Start of Block

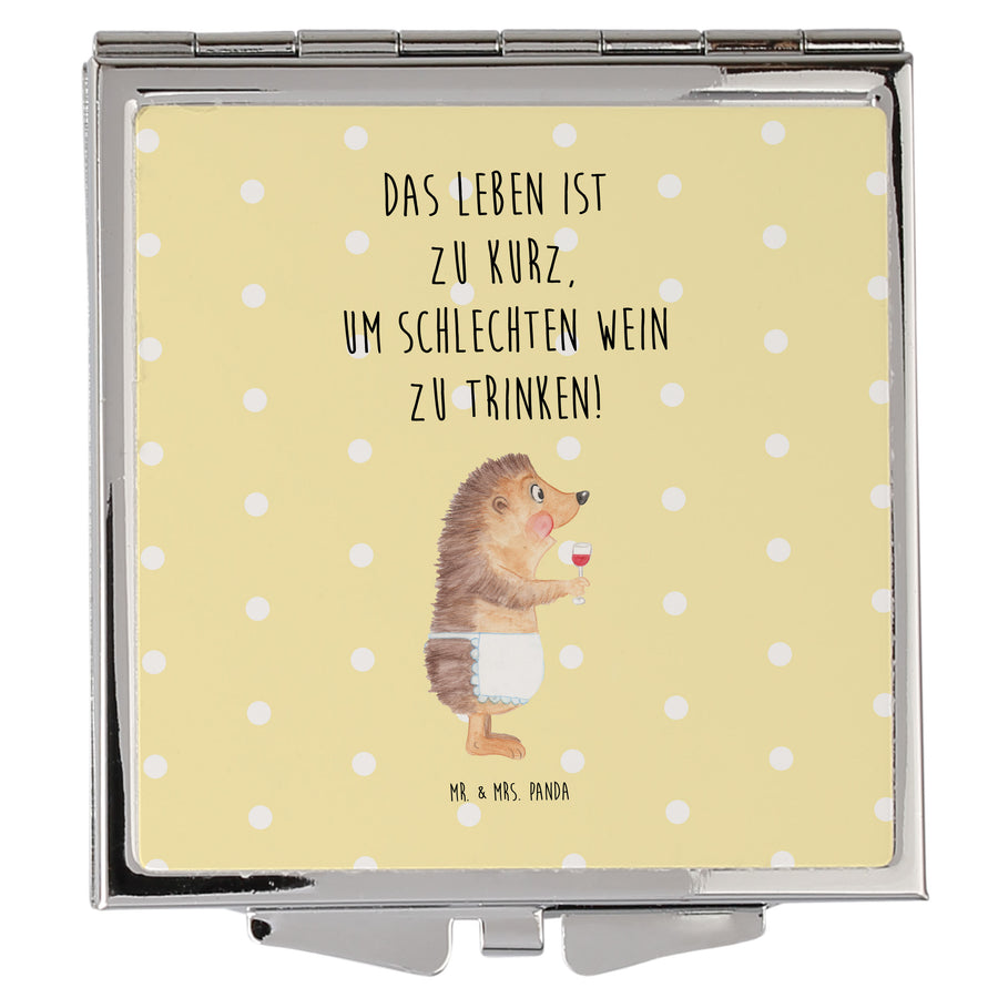 Handtaschenspiegel quadratisch Igel mit Wein - mit Spruch - Gelb Pastell
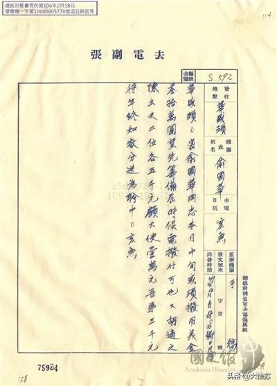 蒋介石和俞国华密电
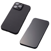 主素材に軽量で衝撃吸収性に優れたエラストマー樹脂(TPE)とガラスを組み合せ、アルミバンパー「CLEAVE」の三次元曲線を取り入れたiPhone 14 Pro用HYBRIDケース
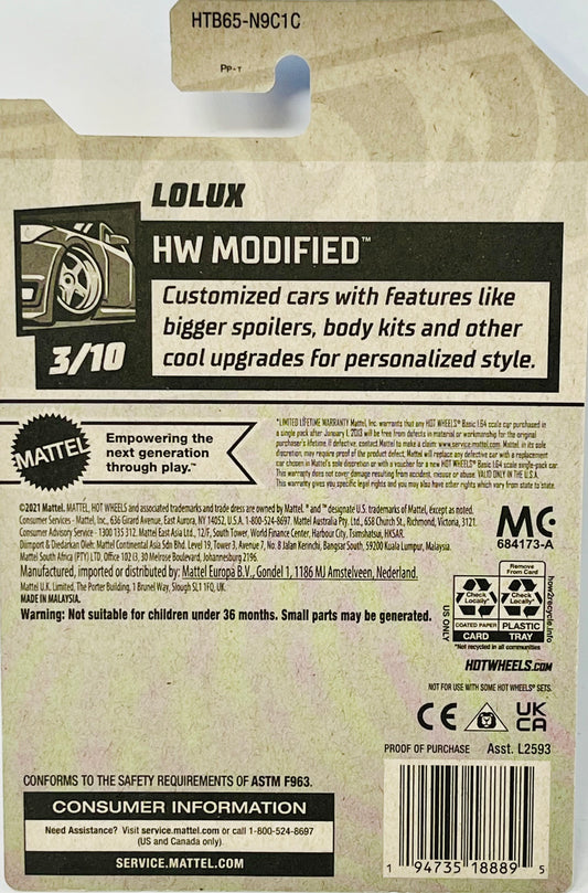 Hot Wheels Lolux Orange Netflix Let’s Race 28/250 HW Modified 3/10

End of Block

**Assignment**. Repeat the data in full and exactly. Omit pictures.

**Response area**.
 Handtaschenspiegel quadratisch Igel mit Wein - mit Spruch - Gelb Pastell
 蒋介石和俞国华密电
 主素材に軽量で衝撃吸収性に優れたエラストマー樹脂(TPE)とガラスを組み合せ、アルミバンパー「CLEAVE」の三次元曲線を取り入れたiPhone 14 Pro用HYBRIDケース
 Hot Wheels Lolux Orange Netflix Let’s Race 28/250 HW Modified 3/10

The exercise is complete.